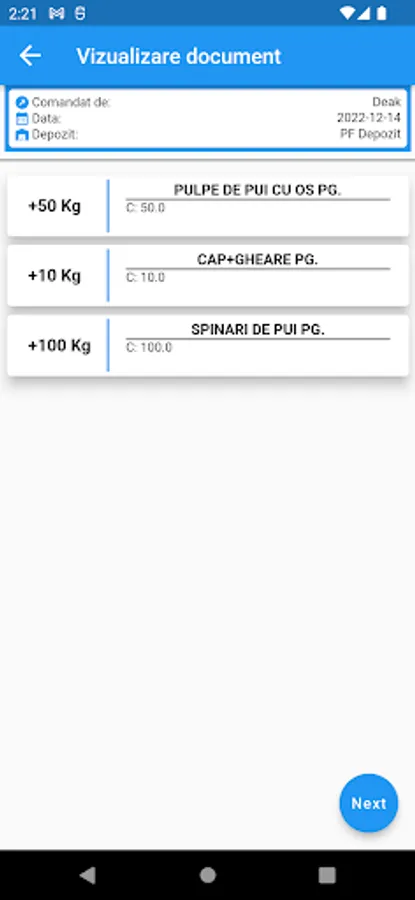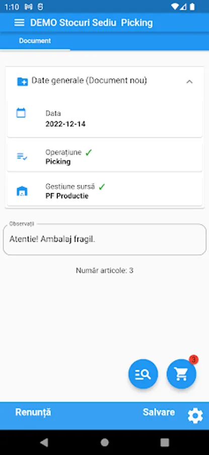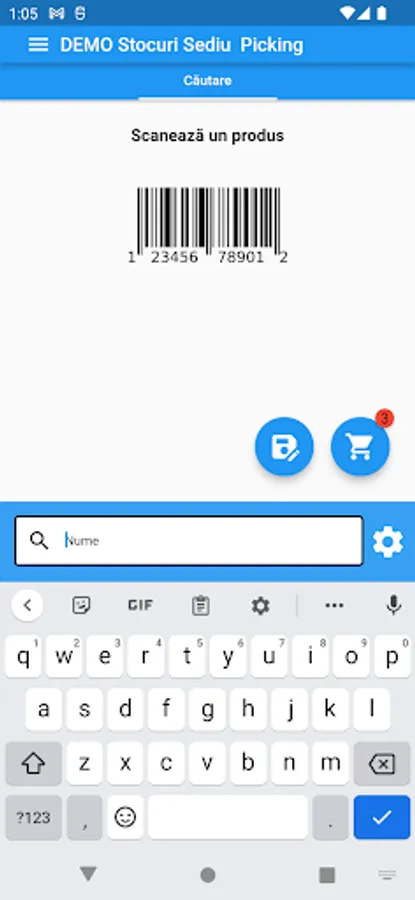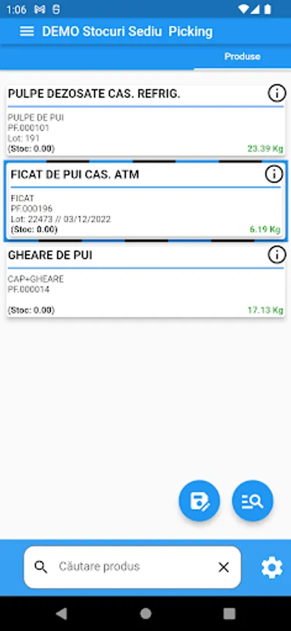 - Add new items to the invetory document's list, by either scanning (i.e. use of camera or an integrated scanner) or typing the barcodes, codes, names or material lots.
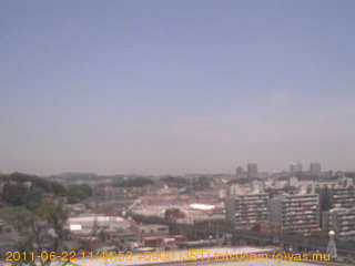 適度に曇った日の雲の動き (例: 2005-10-24) がとても楽しめます。 正面を横切っている高架は横須賀線下りです。 その下に横須賀線上り、東海道線、同貨物線が走っていますが、 高架に隠れていてよく見えません。 夜間は特に中央左寄りの車の動きがよく見えます。
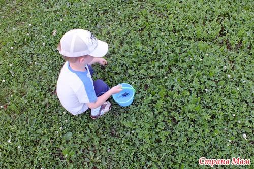 На прогулку взяла с собой игрушечных насекомых и ведерко. Раскидала их по траве, Андрюша искал их и собирал. В интернете видела идею собирать насекомых щипцами. У нас их нет, ну и ничего страшного.
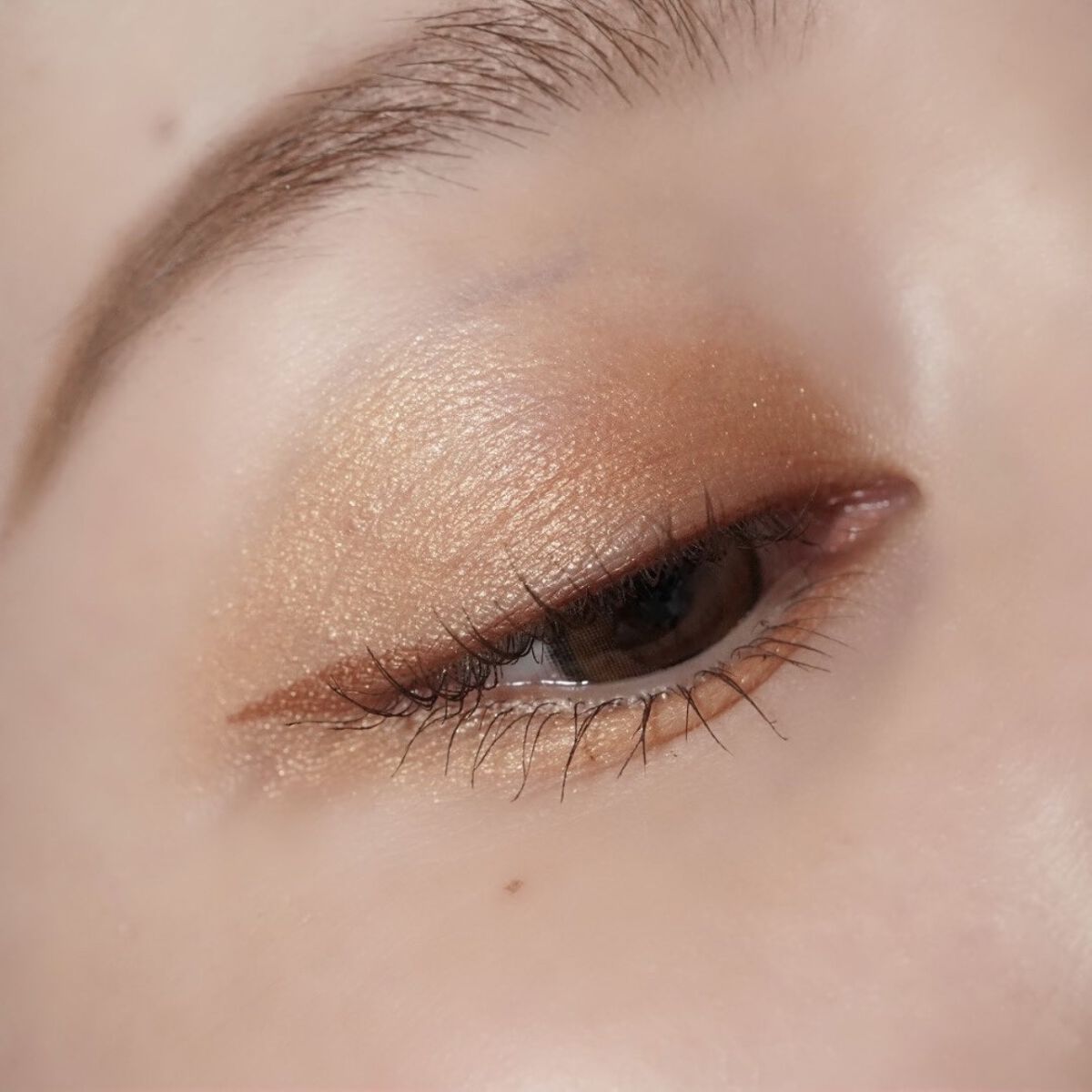よくパレットのなかで明るいカラーをベースにまぶたに広く塗ることが多いのですが、パール感のあるカラーを避ける🙆♀️! パール感たっぷりの明るいカラーは涙袋に使うぐらい光を集めてぷっくり見せてくれるので、まぶたに広く使うと腫れぼったく見えがち😓 目元を明るくみせてくれたり、次に使うアイシャドウをぼかしやすくしてくれるけど、すっ飛ばしてメインのカラーを塗っちゃう✊🏻❤️🔥 涙袋にはたっぷり塗ってぷっくり見せる🙆♀️💕 シルキースフレアイズのマットタイプはすごく優れているな〜と感じました☺️💗 赤やオレンジなどは、入れすぎると腫れぼったく見えやすいので、見せたいカラーは下まぶた目尻にのせて色をたのしむ♡♡ パール感なしの透けマットだけじゃ物足りない… そう感じさせない華やかなラメが左上に入っているので黒目上と涙袋にのせるとすごく可愛い仕上がりに😍! 厄介な左右差のお陰でマットアイシャドウが好きになりました😌💕

Problem to solve: Output all of the listing above, exactly as given, but without its pictures.

Finished exercise:
 - Add new items to the invetory document's list, by either scanning (i.e. use of camera or an integrated scanner) or typing the barcodes, codes, names or material lots.
 適度に曇った日の雲の動き (例: 2005-10-24) がとても楽しめます。 正面を横切っている高架は横須賀線下りです。 その下に横須賀線上り、東海道線、同貨物線が走っていますが、 高架に隠れていてよく見えません。 夜間は特に中央左寄りの車の動きがよく見えます。
 На прогулку взяла с собой игрушечных насекомых и ведерко. Раскидала их по траве, Андрюша искал их и собирал. В интернете видела идею собирать насекомых щипцами. У нас их нет, ну и ничего страшного.
よくパレットのなかで明るいカラーをベースにまぶたに広く塗ることが多いのですが、パール感のあるカラーを避ける🙆♀️! パール感たっぷりの明るいカラーは涙袋に使うぐらい光を集めてぷっくり見せてくれるので、まぶたに広く使うと腫れぼったく見えがち😓 目元を明るくみせてくれたり、次に使うアイシャドウをぼかしやすくしてくれるけど、すっ飛ばしてメインのカラーを塗っちゃう✊🏻❤️🔥 涙袋にはたっぷり塗ってぷっくり見せる🙆♀️💕 シルキースフレアイズのマットタイプはすごく優れているな〜と感じました☺️💗 赤やオレンジなどは、入れすぎると腫れぼったく見えやすいので、見せたいカラーは下まぶた目尻にのせて色をたのしむ♡♡ パール感なしの透けマットだけじゃ物足りない… そう感じさせない華やかなラメが左上に入っているので黒目上と涙袋にのせるとすごく可愛い仕上がりに😍! 厄介な左右差のお陰でマットアイシャドウが好きになりました😌💕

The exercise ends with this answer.